> [Task directions]: Copy all the data exactly, except the pictures.
..........
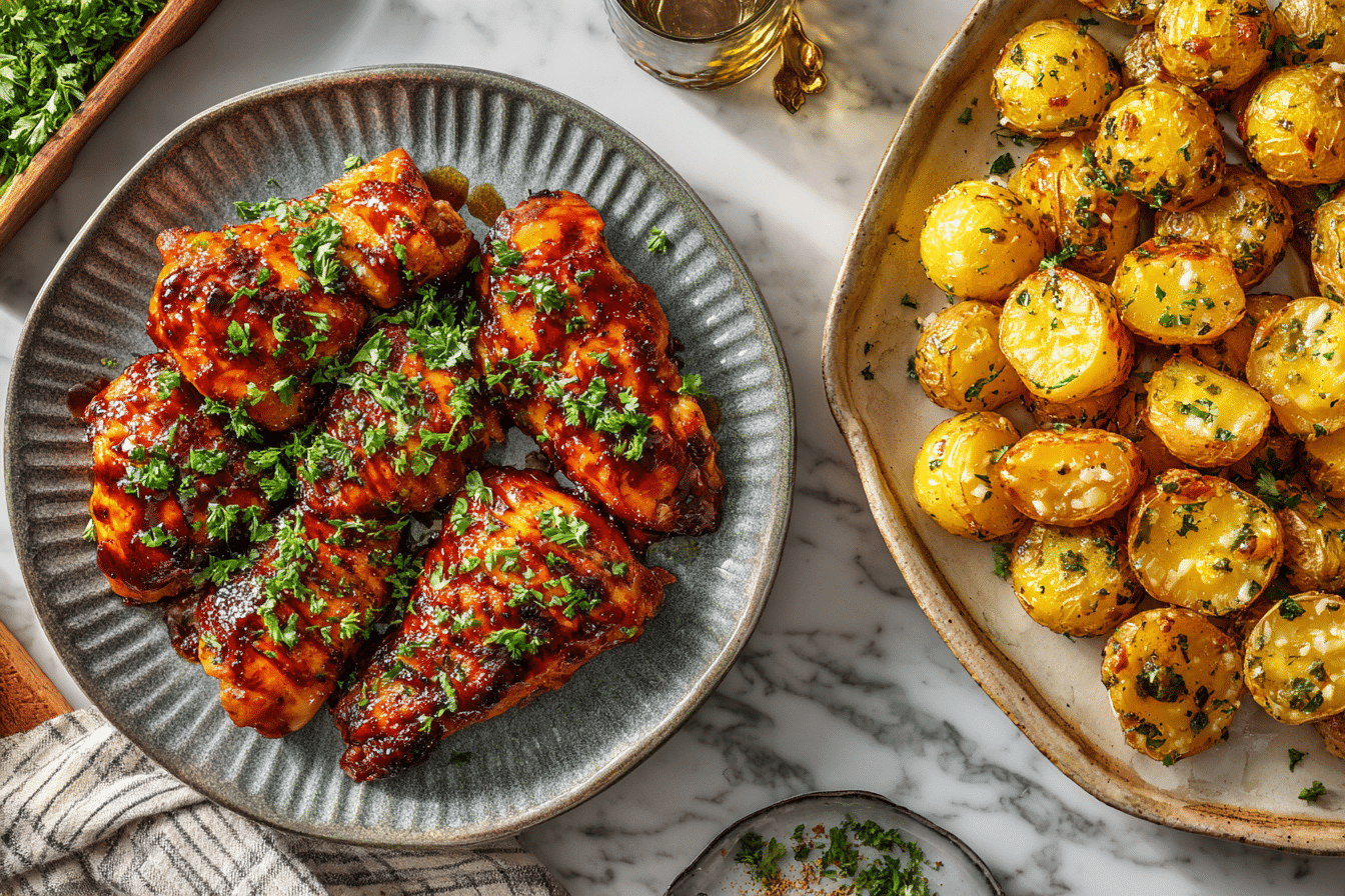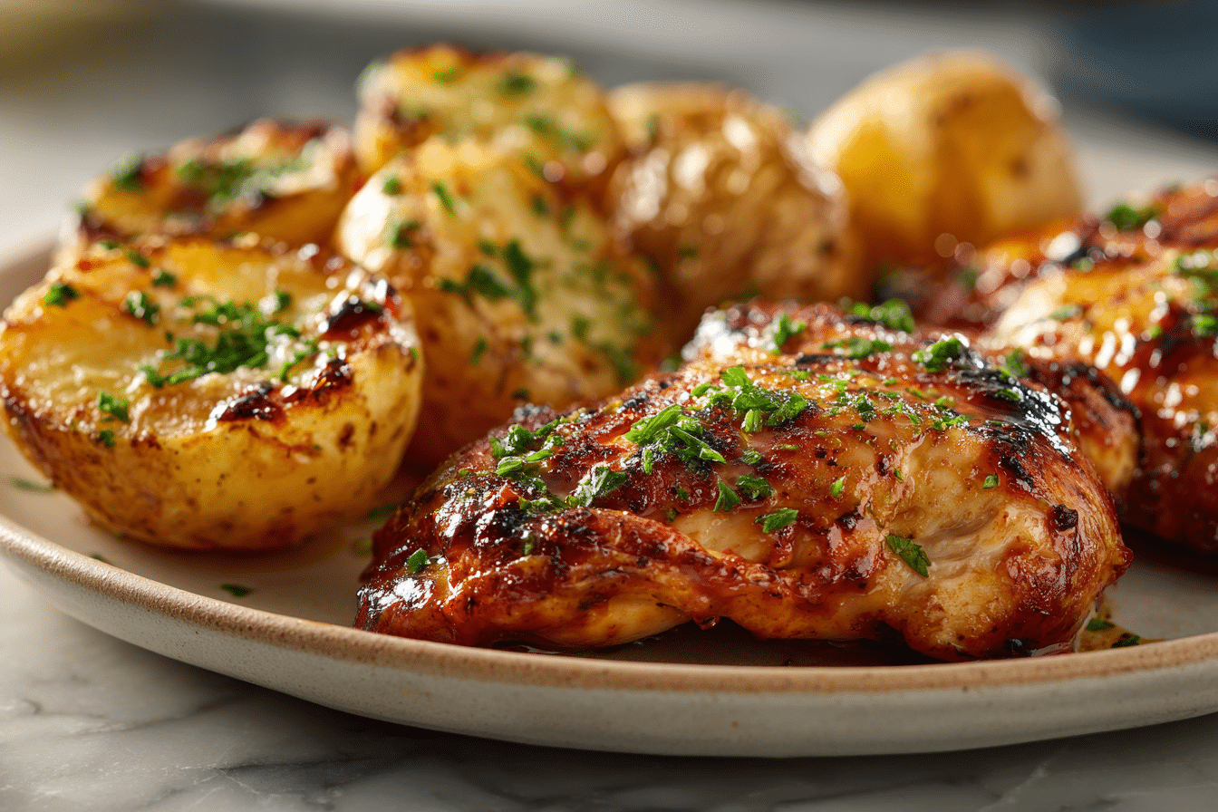 - Plate chicken with a side of garlic parmesan potatoes.
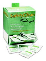 The H.L. Bouton Co.'s SafetyClean pre-moistened towelette is designed to coat a lens with an anti-fog/-static solution, is safe for use on glass or plastic lenses, and comes available in a completely assembled dispenser box with a fold-out hanger tab. The dispenser contains 100 foil-packed towelettes and can stand on a shelf or counter.
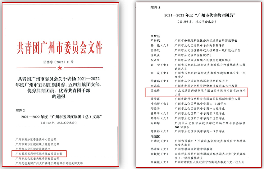 喜報!熱烈祝賀萊恩團支部榮獲“廣州市五四紅旗團支部”稱號、 實驗技術人員吳先煥同志榮獲“廣州市優秀共青團員”稱號
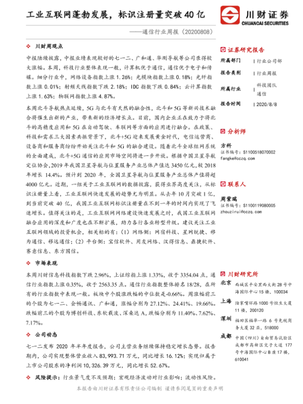 【川财证券】【20200808】通信行业周报:工业互联网蓬勃发展,标识注册量突破40亿-9页 行业研究
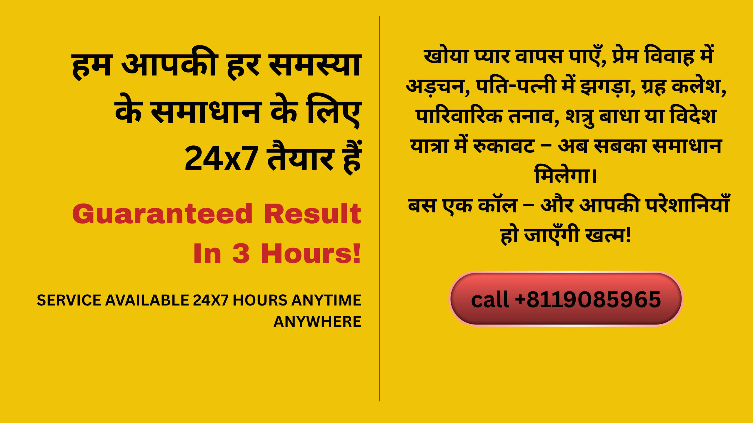 समस्या कैसी भी घबराये नहीं तुरंत हमसे सम्पर्क करे और समाधान पाए !! रूठे प्रेमी प्रेमिका को मनाना, पति पत्नी में अनबन, मनचाहा खोया प्यार पाए, पारिवारिक समस्या, माता पिता को शादी के लिए राज़ी करना, सौतन से छुटकारा आदि !! सभी समस्याओ का हल सिर्फ एक फ़ोन कॉल !!
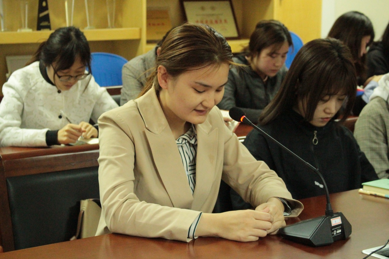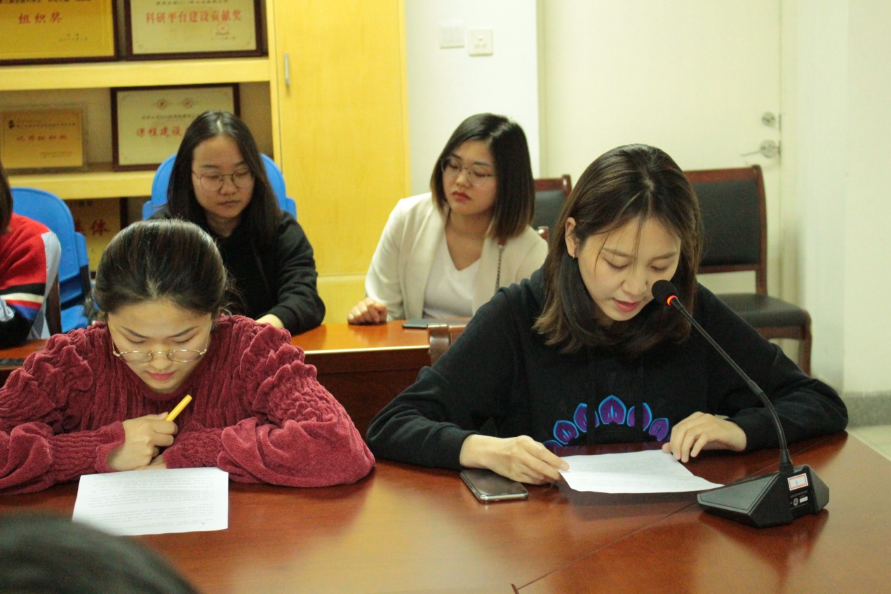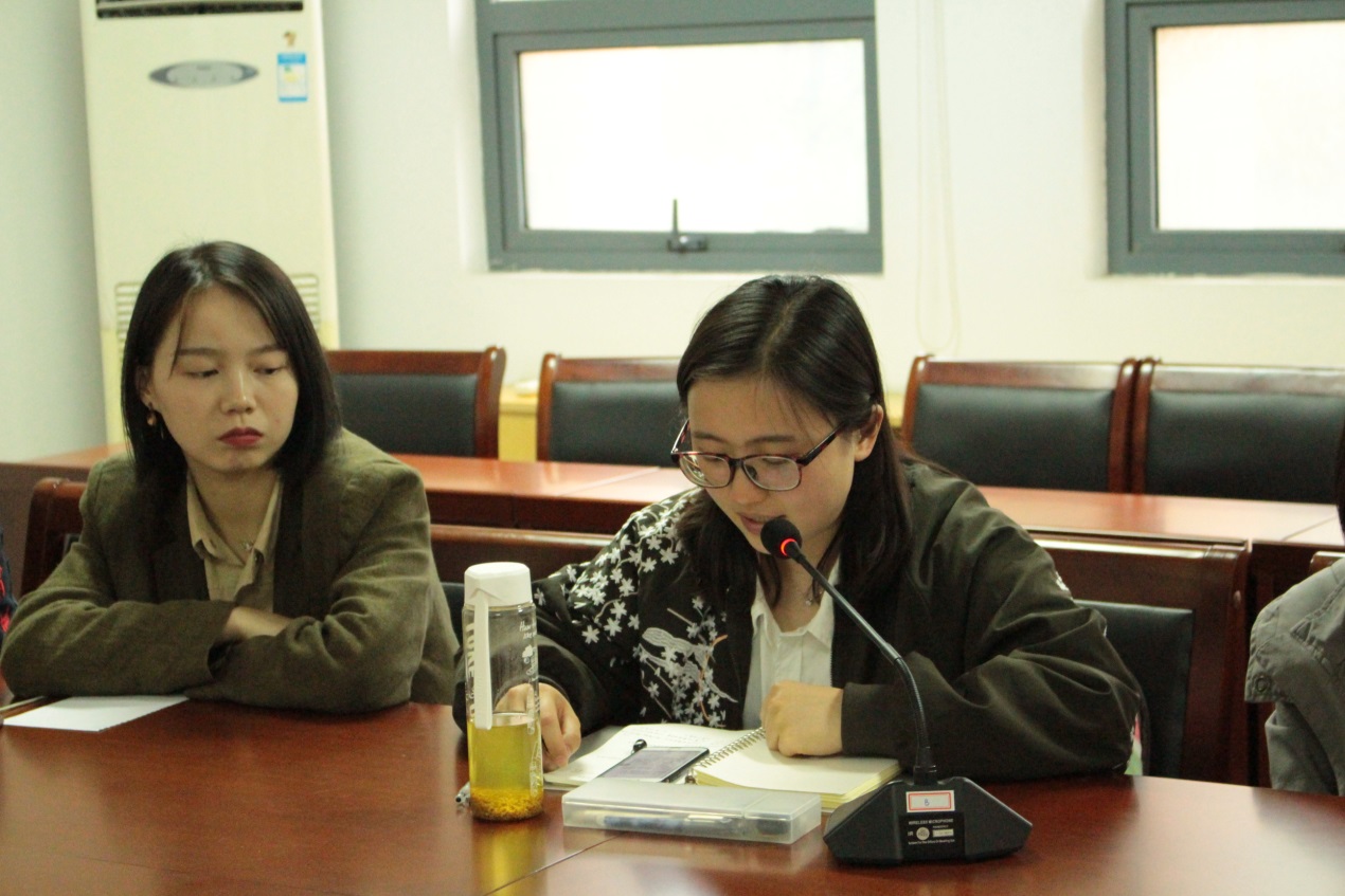 学硕入党积极分子谷文娇同学则将五四精神与弘扬时代精神联系在一起。她提到,五四运动留给我们最宝贵的精神财富就是以爱国、进步、民主、科学为主要内容的伟大精神。“作为当代青年,面对新的形势和任务、面对新的机遇和挑战,我们一定要勇立潮头,开风气之先,奋发进取创时代之伟业,为建设更好地社会做出青年应有的贡献。”
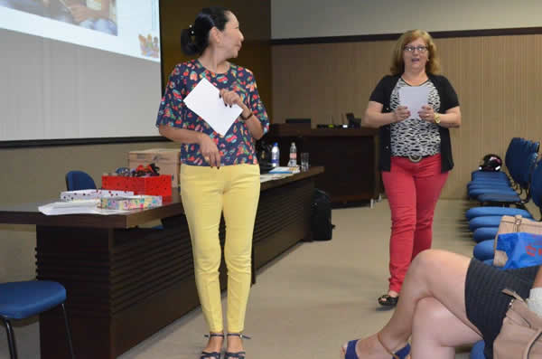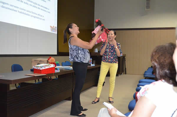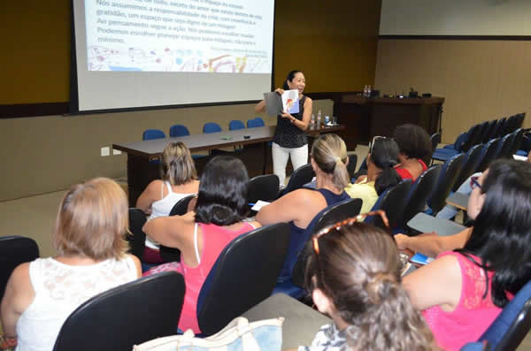 Na sexta-feira (15), os professores da 2ª etapa da educação infantil e os gestores discutiram a “Linguagem Oral e Escrita e a aproximação da linguagem na educação infantil com a inserção de contos, músicas e histórias”. A pedagoga enfatizou que a escola deve promover situações de aprendizagens utilizando atividades lúdicas, uma vez que, na Educação Infantil, a intenção é aproximar a criança da linguagem escrita.
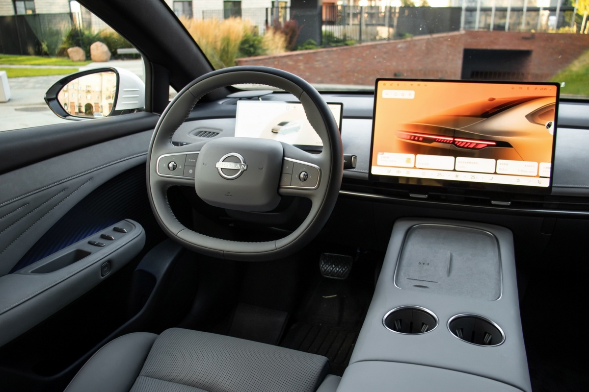 Интерьер Nissan N7 выполнен с акцентом на практичность и удобство. В отделке используются матовые материалы, которые меньше собирают отпечатки и дольше сохраняют аккуратный внешний вид. В передней части салона установлены 15,6-дюймовый экран мультимедийной системы и 10,25-дюймовая цифровая панель приборов, обеспечивающие удобное управление и наглядное отображение информации.
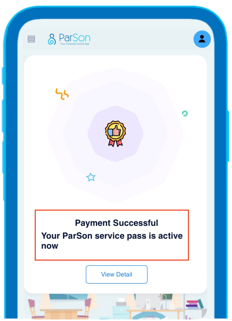 If you pay with credit card, the message “Payment Successful Your ParSon active pass is active now. ” will be displayed when the transaction is completed.
..........
> [Solution to the problem]:
 - Plate chicken with a side of garlic parmesan potatoes.
 The H.L. Bouton Co.'s SafetyClean pre-moistened towelette is designed to coat a lens with an anti-fog/-static solution, is safe for use on glass or plastic lenses, and comes available in a completely assembled dispenser box with a fold-out hanger tab. The dispenser contains 100 foil-packed towelettes and can stand on a shelf or counter.
 喜報!熱烈祝賀萊恩團支部榮獲“廣州市五四紅旗團支部”稱號、 實驗技術人員吳先煥同志榮獲“廣州市優秀共青團員”稱號
 【川财证券】【20200808】通信行业周报:工业互联网蓬勃发展,标识注册量突破40亿-9页 行业研究
 समस्या कैसी भी घबराये नहीं तुरंत हमसे सम्पर्क करे और समाधान पाए !! रूठे प्रेमी प्रेमिका को मनाना, पति पत्नी में अनबन, मनचाहा खोया प्यार पाए, पारिवारिक समस्या, माता पिता को शादी के लिए राज़ी करना, सौतन से छुटकारा आदि !! सभी समस्याओ का हल सिर्फ एक फ़ोन कॉल !!
 学硕入党积极分子谷文娇同学则将五四精神与弘扬时代精神联系在一起。她提到,五四运动留给我们最宝贵的精神财富就是以爱国、进步、民主、科学为主要内容的伟大精神。“作为当代青年,面对新的形势和任务、面对新的机遇和挑战,我们一定要勇立潮头,开风气之先,奋发进取创时代之伟业,为建设更好地社会做出青年应有的贡献。”
 Na sexta-feira (15), os professores da 2ª etapa da educação infantil e os gestores discutiram a “Linguagem Oral e Escrita e a aproximação da linguagem na educação infantil com a inserção de contos, músicas e histórias”. A pedagoga enfatizou que a escola deve promover situações de aprendizagens utilizando atividades lúdicas, uma vez que, na Educação Infantil, a intenção é aproximar a criança da linguagem escrita.
 Интерьер Nissan N7 выполнен с акцентом на практичность и удобство. В отделке используются матовые материалы, которые меньше собирают отпечатки и дольше сохраняют аккуратный внешний вид. В передней части салона установлены 15,6-дюймовый экран мультимедийной системы и 10,25-дюймовая цифровая панель приборов, обеспечивающие удобное управление и наглядное отображение информации.
 If you pay with credit card, the message “Payment Successful Your ParSon active pass is active now. ” will be displayed when the transaction is completed.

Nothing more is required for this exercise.